The message:
fatal: Not possible to fast-forward, aborting.
means that you've told Git to use --ff-only for the merge that occurs as the second step of git pull1 and that this merge cannot be done as a fast-forward.
There was a bug in Git 2.33 where --ff-only misbehaved in certain cases:
 * "git pull --ff-only" and "git pull --rebase --ff-only" should make
   it a no-op to attempt pulling from a remote that is behind us, but
   instead the command errored out by saying it was impossible to
   fast-forward, which may technically be true, but not a useful thing
   to diagnose as an error.  This has been corrected.
   (merge 361cb52383 jc/fix-pull-ff-only-when-already-up-to-date later to maint).
If you have this version of Git, you should upgrade to 2.34 or later.  Your comment implies that you've hit this particular bug.
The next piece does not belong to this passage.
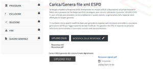 All’interno della sezione, nella pagina Carica/Genera file xml ESPD, è possibile procedere con il caricamento di un file XML precedentemente generato o con la creazione da zero di un nuovo file.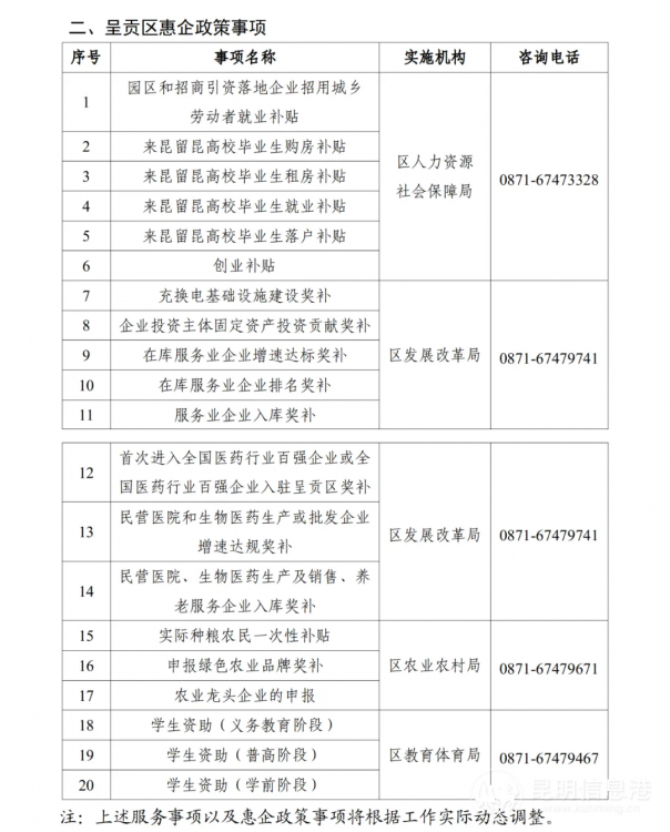 呈贡区政企联动综合服务区服务事项及呈贡区惠企政策事项的温馨提示

(Your comment about Bitbucket almost certainly involves something else entirely, and is a Bitbucket issue, not a Git one.)
1Remember that git pull is a convenience short-cut that means:
- run git fetch;
- run a second Git command to do something with the commits obtained in step 1.
The default second command is git merge but you can choose git rebase instead.  The --ff-only option is an option to git merge and means nothing to git rebase, so git pull won't supply --ff-only to the second command if you choose git rebase (but it is supposed to stop the rebase for that case).  Whether git merge supplies --ff-only to the second command if you choose git merge depends on how you configure git pull to operate.